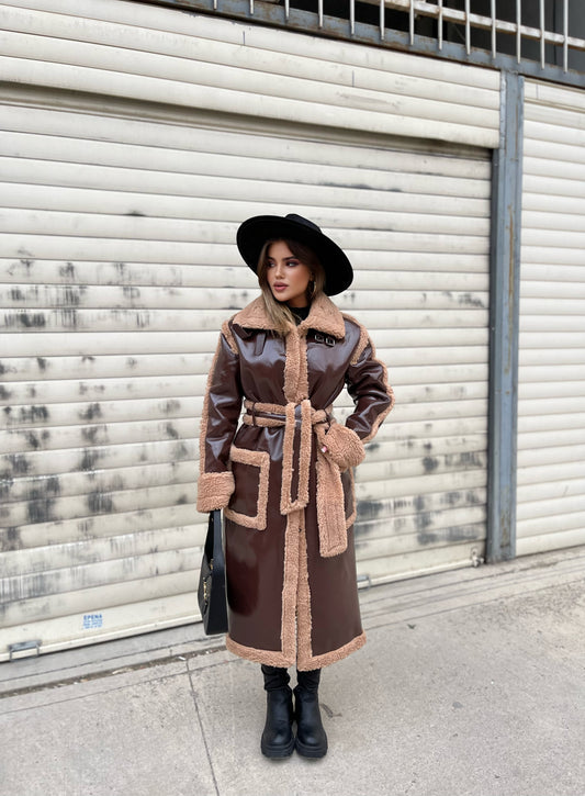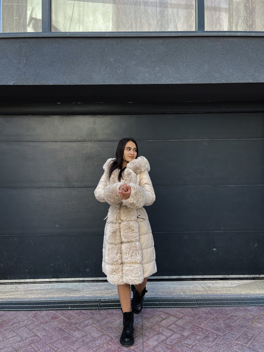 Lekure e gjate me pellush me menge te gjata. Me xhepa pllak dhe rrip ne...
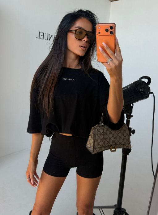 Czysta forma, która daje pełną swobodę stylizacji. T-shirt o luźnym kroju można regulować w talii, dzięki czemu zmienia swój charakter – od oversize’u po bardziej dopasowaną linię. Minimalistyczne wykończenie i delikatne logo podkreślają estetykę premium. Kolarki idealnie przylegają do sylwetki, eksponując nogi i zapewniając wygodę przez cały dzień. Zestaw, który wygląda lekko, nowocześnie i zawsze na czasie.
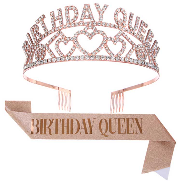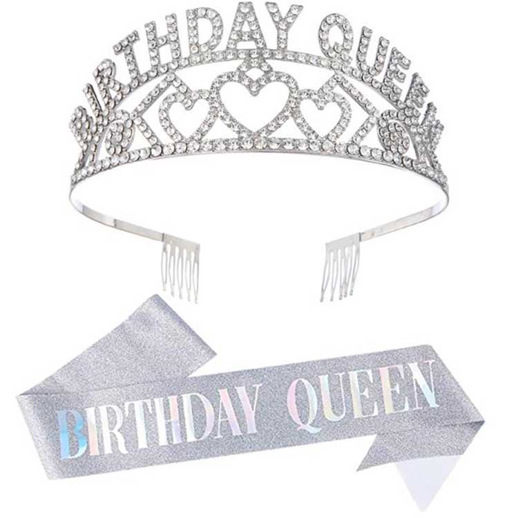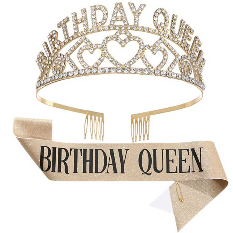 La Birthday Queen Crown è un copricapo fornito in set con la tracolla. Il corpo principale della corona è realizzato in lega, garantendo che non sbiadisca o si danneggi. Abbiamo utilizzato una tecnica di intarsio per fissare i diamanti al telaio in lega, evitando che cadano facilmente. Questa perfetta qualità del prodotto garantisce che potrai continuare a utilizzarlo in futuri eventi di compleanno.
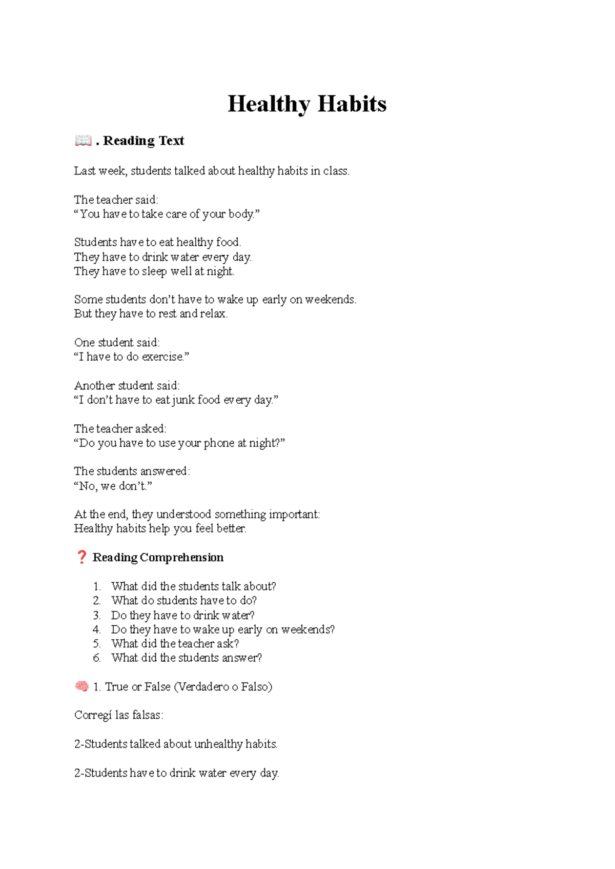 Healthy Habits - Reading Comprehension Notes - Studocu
____
=== Problem to work on ===
Reproduce the listing verbatim, and keep the pictures out of the copy.

=== Response to this task ===
 Lekure e gjate me pellush me menge te gjata. Me xhepa pllak dhe rrip ne...
 Czysta forma, która daje pełną swobodę stylizacji. T-shirt o luźnym kroju można regulować w talii, dzięki czemu zmienia swój charakter – od oversize’u po bardziej dopasowaną linię. Minimalistyczne wykończenie i delikatne logo podkreślają estetykę premium. Kolarki idealnie przylegają do sylwetki, eksponując nogi i zapewniając wygodę przez cały dzień. Zestaw, który wygląda lekko, nowocześnie i zawsze na czasie.
 La Birthday Queen Crown è un copricapo fornito in set con la tracolla. Il corpo principale della corona è realizzato in lega, garantendo che non sbiadisca o si danneggi. Abbiamo utilizzato una tecnica di intarsio per fissare i diamanti al telaio in lega, evitando che cadano facilmente. Questa perfetta qualità del prodotto garantisce che potrai continuare a utilizzarlo in futuri eventi di compleanno.
 Healthy Habits - Reading Comprehension Notes - Studocu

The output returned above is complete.